### AIM OF THE EXERCISE
What you return should match the data below exactly, with no pictures in it.

### SOURCE DATA

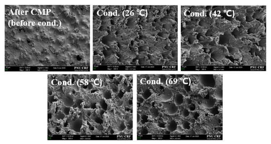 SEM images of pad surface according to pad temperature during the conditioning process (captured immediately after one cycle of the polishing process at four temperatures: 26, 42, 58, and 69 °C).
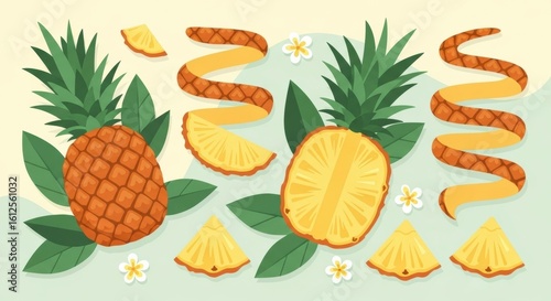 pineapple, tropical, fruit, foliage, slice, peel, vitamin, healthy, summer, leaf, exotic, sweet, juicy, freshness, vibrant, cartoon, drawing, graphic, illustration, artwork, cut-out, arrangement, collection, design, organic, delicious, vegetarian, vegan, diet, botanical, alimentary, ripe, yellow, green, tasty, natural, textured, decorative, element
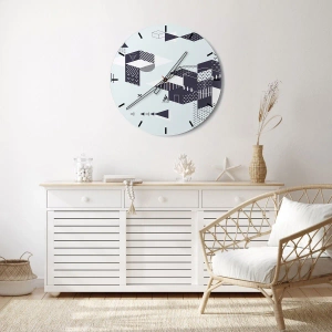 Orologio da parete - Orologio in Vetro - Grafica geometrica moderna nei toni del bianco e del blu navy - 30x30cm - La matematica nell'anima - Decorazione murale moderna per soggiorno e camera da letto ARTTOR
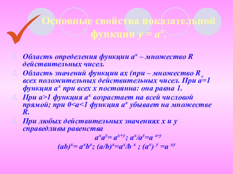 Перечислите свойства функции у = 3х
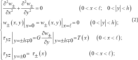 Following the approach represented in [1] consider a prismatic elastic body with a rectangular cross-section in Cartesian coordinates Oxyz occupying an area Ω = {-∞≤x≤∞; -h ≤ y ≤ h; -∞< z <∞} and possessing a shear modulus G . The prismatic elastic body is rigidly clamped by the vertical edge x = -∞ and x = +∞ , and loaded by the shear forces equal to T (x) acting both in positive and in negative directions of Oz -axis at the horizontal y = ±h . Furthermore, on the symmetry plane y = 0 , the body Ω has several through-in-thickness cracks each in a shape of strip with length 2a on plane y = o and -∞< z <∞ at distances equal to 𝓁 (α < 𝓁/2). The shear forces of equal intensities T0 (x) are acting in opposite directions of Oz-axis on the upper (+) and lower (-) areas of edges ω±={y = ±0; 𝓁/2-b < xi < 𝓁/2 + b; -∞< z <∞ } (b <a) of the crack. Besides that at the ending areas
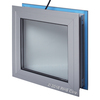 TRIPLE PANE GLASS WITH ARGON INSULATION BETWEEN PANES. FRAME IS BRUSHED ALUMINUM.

### EXERCISE RESULT
 SEM images of pad surface according to pad temperature during the conditioning process (captured immediately after one cycle of the polishing process at four temperatures: 26, 42, 58, and 69 °C).
 pineapple, tropical, fruit, foliage, slice, peel, vitamin, healthy, summer, leaf, exotic, sweet, juicy, freshness, vibrant, cartoon, drawing, graphic, illustration, artwork, cut-out, arrangement, collection, design, organic, delicious, vegetarian, vegan, diet, botanical, alimentary, ripe, yellow, green, tasty, natural, textured, decorative, element
 Orologio da parete - Orologio in Vetro - Grafica geometrica moderna nei toni del bianco e del blu navy - 30x30cm - La matematica nell'anima - Decorazione murale moderna per soggiorno e camera da letto ARTTOR
 Перечислите свойства функции у = 3х
 Following the approach represented in [1] consider a prismatic elastic body with a rectangular cross-section in Cartesian coordinates Oxyz occupying an area Ω = {-∞≤x≤∞; -h ≤ y ≤ h; -∞< z <∞} and possessing a shear modulus G . The prismatic elastic body is rigidly clamped by the vertical edge x = -∞ and x = +∞ , and loaded by the shear forces equal to T (x) acting both in positive and in negative directions of Oz -axis at the horizontal y = ±h . Furthermore, on the symmetry plane y = 0 , the body Ω has several through-in-thickness cracks each in a shape of strip with length 2a on plane y = o and -∞< z <∞ at distances equal to 𝓁 (α < 𝓁/2). The shear forces of equal intensities T0 (x) are acting in opposite directions of Oz-axis on the upper (+) and lower (-) areas of edges ω±={y = ±0; 𝓁/2-b < xi < 𝓁/2 + b; -∞< z <∞ } (b <a) of the crack. Besides that at the ending areas
 TRIPLE PANE GLASS WITH ARGON INSULATION BETWEEN PANES. FRAME IS BRUSHED ALUMINUM.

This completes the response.